Seems more like a Tailscale bug, but the Tailscale client on Windows often fails to connect on startup. It's stuck on "connecting..." despite my machine having an active Ethernet connection.

In the logs, it says it's failing to resolve my headscale server's domain, but my dns servers (8.8.8.8 and 8.8.4.4) passed to me from my router work fine, and I can properly ping all common dns servers from cmd. I can also browse the internet just fine. I can also visit the domain for my headscale server just fine, and ping it properly.
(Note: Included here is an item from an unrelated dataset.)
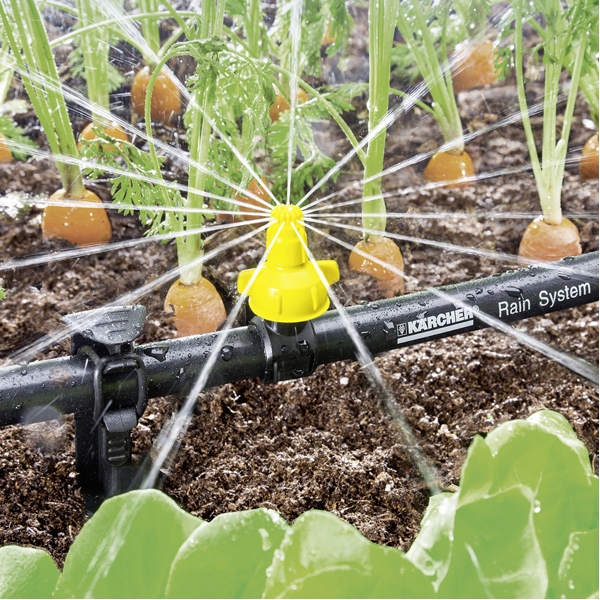 Colierele de pulverizare sunt parte a Karcher Rain System. Acestea pot fi fixate rapid in orice moment la furtunul Karcher Rain System. Instalarea este rapida, simpla si nu necesita instrumente. Acul integrat de pe colierul deschis de pulverizare este pur si simplu blocat in furtun. Prin inchidere, colierul de pulverizare este fixat in mod sigur de furtun. Alinierea unghiului de pulverizare poate fi ajustata orizontal si vertical datorita capului rotativ. Pe duza, volumul de apa poate fi ajustat de la 0-55 l/h conform cerintelor si pentru a conserva resursele. Deosenit de eficient Karcher Rain System cu presiune de 4 bari contine un furtun de 1/2" cu picurare si coliere de pulverizare si combina avantajele micro-picurarii si ale irigarii conventionale. Karcher Rain System poate fi adaptat individual la orice gradina si lucreaza perfect cu SensoTimer pentru controlul irigarii in functie de necesitati.

2024-10-23T09:26:25.779-04:00: [v1] v1.76.3-t02acaa00e-g551df6588 peers: 37569296/7424000 1080/248 2128/4636 109014776/59720396
2024-10-23T09:26:26.190-04:00: control: trying bootstrapDNS("derp16d.tailscale.com", "2607:f740:17::475") for "headscale.mydomain.com" ...
2024-10-23T09:26:26.225-04:00: control: bootstrapDNS("derp16d.tailscale.com", "2607:f740:17::475") for "headscale.mydomain.com" error: Get "https://derp16d.tailscale.com/bootstrap-dns?q=headscale.mydomain.com": dial tcp [2607:f740:17::475]:443: connectex: A socket operation was attempted to an unreachable network.
2024-10-23T09:26:26.226-04:00: control: [v1] TryLogin: fetch control key: Get "https://headscale.mydomain.com/key?v=106": failed to resolve "headscale.mydomain.com": no DNS fallback candidates remain for "headscale.mydomain.com"
2024-10-23T09:26:26.226-04:00: control: [v1] sendStatus: authRoutine-report: state:authenticating
2024-10-23T09:26:26.226-04:00: control: authRoutine: [v1] backoff: 25712 msec
2024-10-23T09:26:26.226-04:00: Received error: fetch control key: Get "https://headscale.mydomain.com/key?v=106": failed to resolve "headscale.mydomain.com": no DNS fallback candidates remain for "headscale.mydomain.com"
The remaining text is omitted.